Apache Flink and the Backpressure Smackdown

Finally, Apache Flink 1.8.1 enters the cage in the Streaming Backpressure Smackdown. The second of our next-generation stream processing engines, can it get one over on Storm and Spark? Let’s see …

Enter Flink

Flink is in some ways Spark in reverse: whereas Spark views streaming as a continuous series of small batch jobs, Flink views batch as the (re)processing of some historic part of a continuous stream.

Although Flink appeared on the scene slightly behind Spark it has been first in many technical milestones, like for instance checkpointing using the Chandy-Lamport algorithm. Its technical pedigree is undeniable, and it clearly wins over Spark for low-latency applications.

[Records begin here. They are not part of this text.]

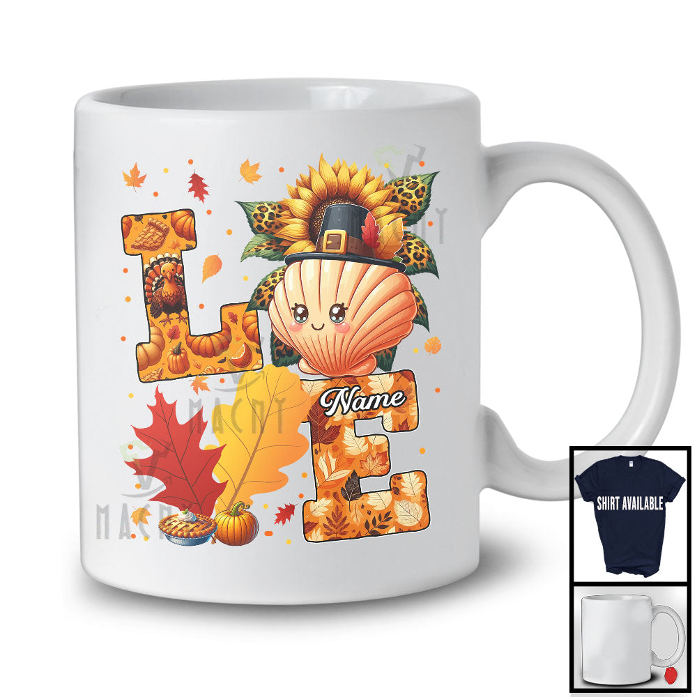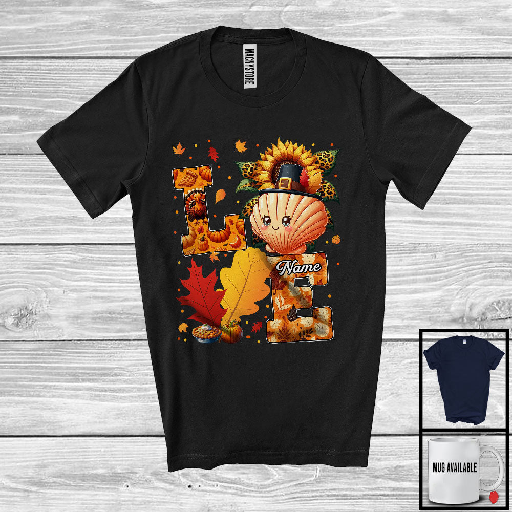 This Personalized LOVE; Lovely Thanksgiving Custom Name Scallop; Leopard Sunflowers Fall Leaves T-Shirt is great idea gift for your family, friends in this birthday, christmas, mother's day, father's day, patrick's day or any holiday.
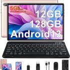 FACETEL Tablet 10 Pulgadas Android 13 Tablet Octa-Core 2.0 GHz, 12GB RAM + 128GB ROM (1TB TF), 5G WiFi, Bluetooth 5.0, 5MP+8MP, HD IPS, Facciale ID, Widevine L1, Tablet con Teclado y Raton – Oro Rosa
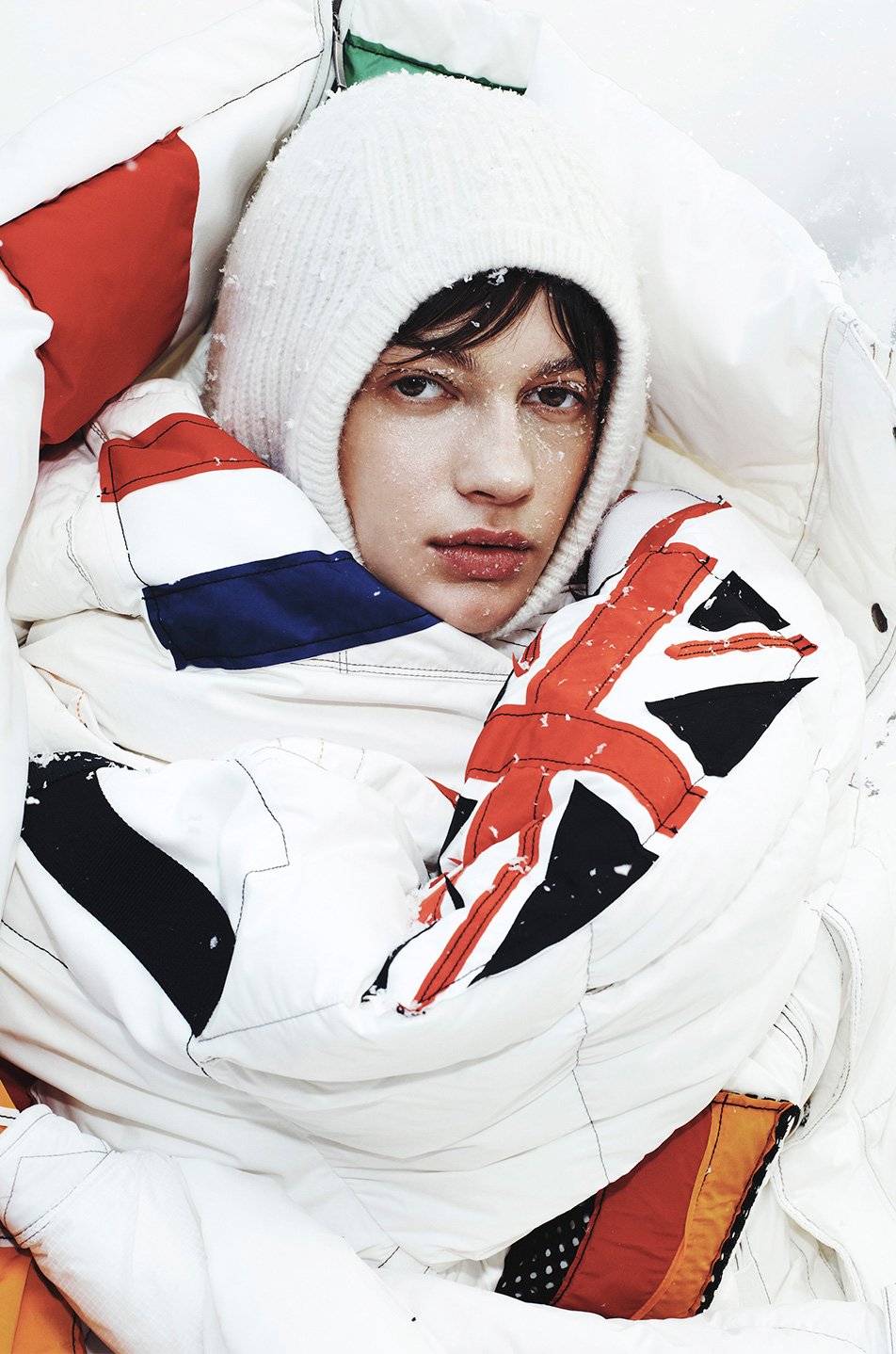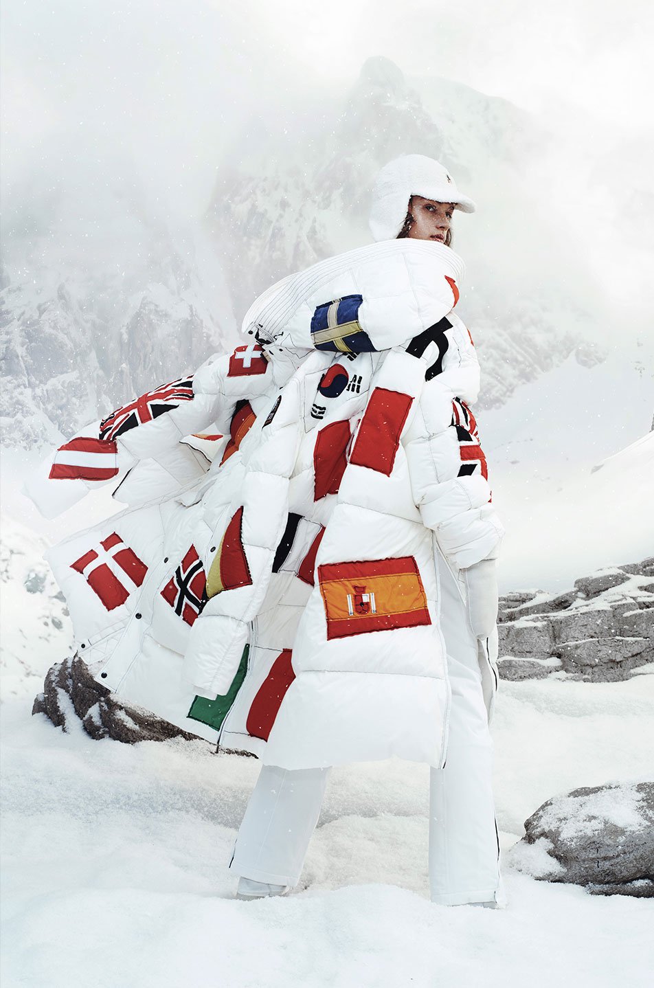 The long puffer is crafted in striking pure white nylon taffeta and insulated with a 90/10 down fill. Its defining element is an array of hand-stitched flags, each representing a nation united by the same winter spirit. A clean, powerful silhouette turns symbolism into a statement piece designed to be both meaningful and wearable.
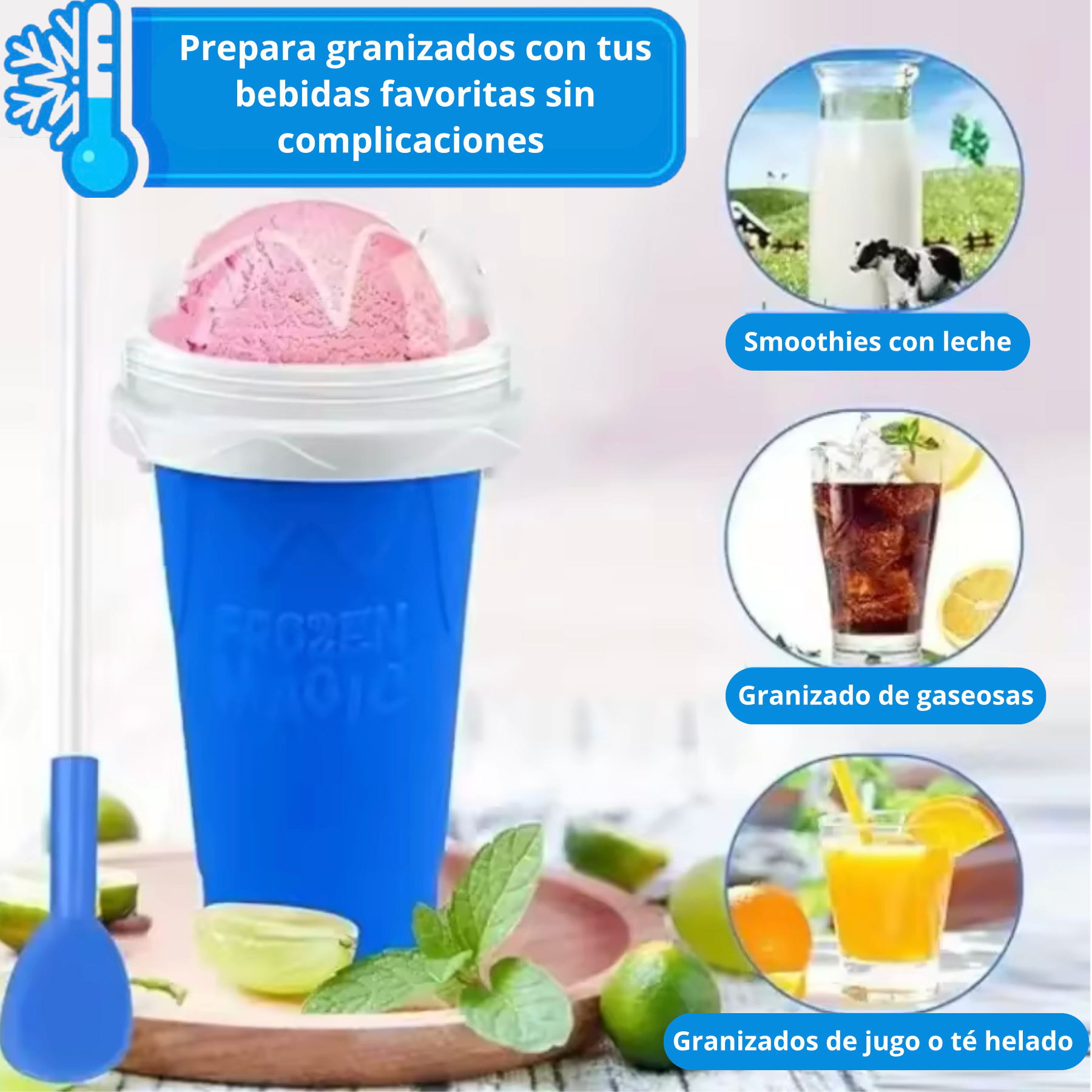 Solo aprieta, mezcla… ¡y disfruta tu granizado al instante! 🧊✨
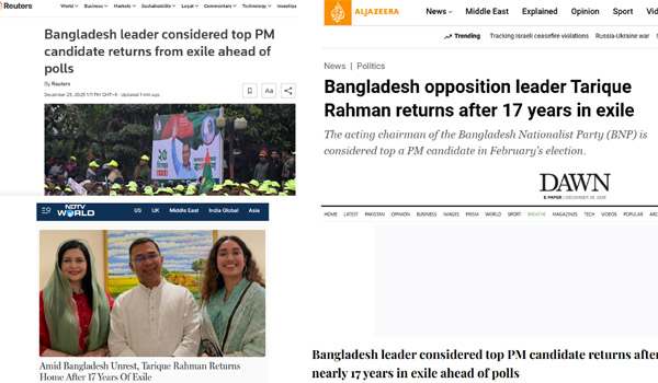 ব্রিটিশ সংবাদসংস্থা রয়টার্সের শিরোনামও একই ধরণের—‘নির্বাচনের আগে দেশে ফিরলেন বাংলাদেশের সম্ভাব্য প্রধানমন্ত্রী প্রার্থী’। এতে তারেক রহমানের দেশের প্রতি প্রত্যাবর্তনের গুরুত্ব জোরপূর্বক তুলে ধরা হয়।
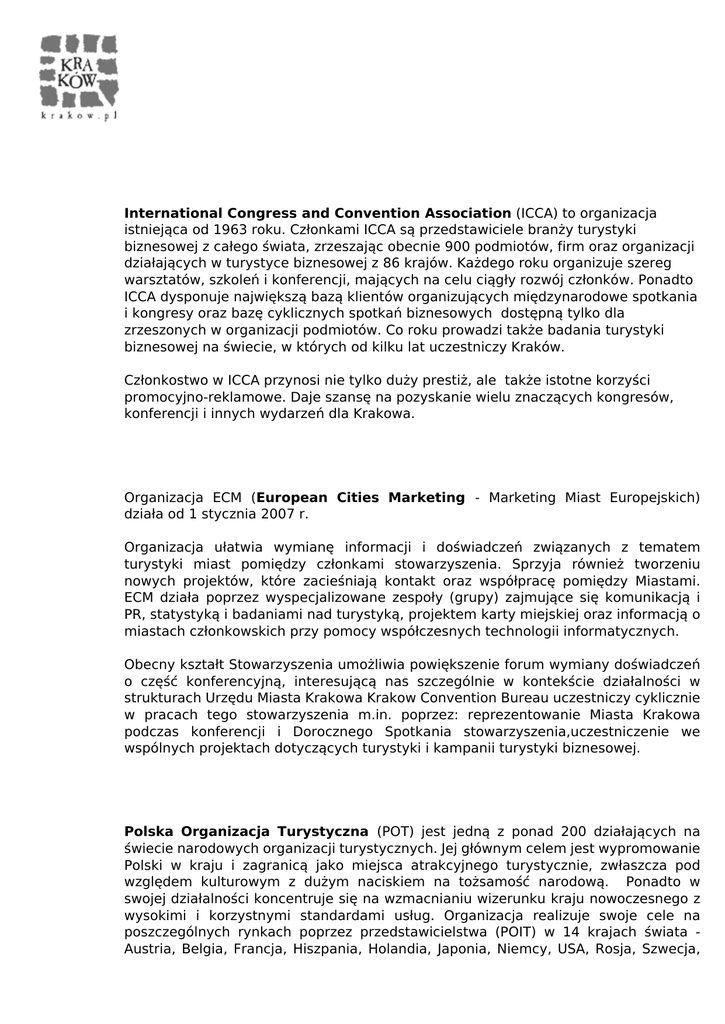 International Congress and Convention Association (ICCA) to organizacja istniejąca od 1963 roku. Członkami ICCA są przedstawiciele branży turystyki biznesowej z całego świata, zrzeszając obecnie 900 podmiotów, firm oraz organizacji działających w turystyce biznesowej z 86 krajów. Każdego roku organizuje szereg warsztatów, szkoleń i konferencji, mających na celu ciągły rozwój członków. Ponadto ICCA dysponuje największą bazą klientów organizujących międzynarodowe spotkania i kongresy oraz bazę cyklicznych spotkań biznesowych dostępną tylko dla zrzeszonych w organizacji podmiotów. Co roku prowadzi także badania turystyki biznesowej na świecie, w których od kilku lat uczestniczy Kraków. Członkostwo w ICCA przynosi nie tylko duży prestiż, ale także istotne korzyści promocyjno-reklamowe. Daje szansę na pozyskanie wielu znaczących kongresów, konferencji i innych wydarzeń dla Krakowa. Organizacja ECM (European Cities Marketing - Marketing Miast Europejskich) działa od 1 stycznia 2007 r. Organizacja ułatwia wymianę informacji i doświadczeń związanych z tematem turystyki miast pomiędzy członkami stowarzyszenia. Sprzyja również tworzeniu nowych projektów, które zacieśniają kontakt oraz współpracę pomiędzy Miastami. ECM działa poprzez wyspecjalizowane zespoły (grupy) zajmujące się komunikacją i PR, statystyką i badaniami nad turystyką, projektem karty miejskiej oraz informacją o miastach członkowskich przy pomocy współczesnych technologii informatycznych. Obecny kształt Stowarzyszenia umożliwia powiększenie forum wymiany doświadczeń o część konferencyjną, interesującą nas szczególnie w kontekście działalności w strukturach Urzędu Miasta Krakowa Krakow Convention Bureau uczestniczy cyklicznie w pracach tego stowarzyszenia m.in. poprzez: reprezentowanie Miasta Krakowa podczas konferencji i Dorocznego Spotkania stowarzyszenia,uczestniczenie we wspólnych projektach dotyczących turystyki i kampanii turystyki biznesowej. Polska Organizacja Turystyczna (POT) jest jedną z ponad 200 działających na świecie narodowych organizacji turystycznych. Jej głównym celem jest wypromowanie Polski w kraju i zagranicą jako miejsca atrakcyjnego turystycznie, zwłaszcza pod względem kulturowym z dużym naciskiem na tożsamość narodową. Ponadto w swojej działalności koncentruje się na wzmacnianiu wizerunku kraju nowoczesnego z wysokimi i korzystnymi standardami usług. Organizacja realizuje swoje cele na poszczególnych rynkach poprzez przedstawicielstwa (POIT) w 14 krajach świata Austria, Belgia, Francja, Hiszpania, Holandia, Japonia, Niemcy, USA, Rosja, Szwecja, Węgry, Wielka Brytania, Włochy, Ukraina. Od lipca 2015 roku Kraków jest Rekomendowanym Biurem Kongresów przez POT. Powered by TCPDF (www.tcpdf.org)

And yet, it often feels like Flink has lost out to Spark, purely due to being second to emerge. However, although not as widely used as Spark, behind the scenes the likes of Alibaba and AWS have used it as a keystone piece of technology.

In fact, AWS have made it the foundation of their new Amazon Kinesis Data Analytics offering, which clearly says a lot for Flink.

Flink UI - almost awesome

The initial incarnation of the Flink UI was pretty rough around the edges. But you cannot say that about the latest edition. It looks great, and functionally it is excellent. However, one area that could be improved is the identification of hotspots within the dataflow.

The Storm UI provides a useful metric it calls capacity, which can be used to identify any bottlenecks in your flows. Although the Flink UI provides some information around backpressure, it does not seem to offer anything as useful as the capacity metric in Storm. (It would be interesting to hear any contrary opinions from experienced Flink users).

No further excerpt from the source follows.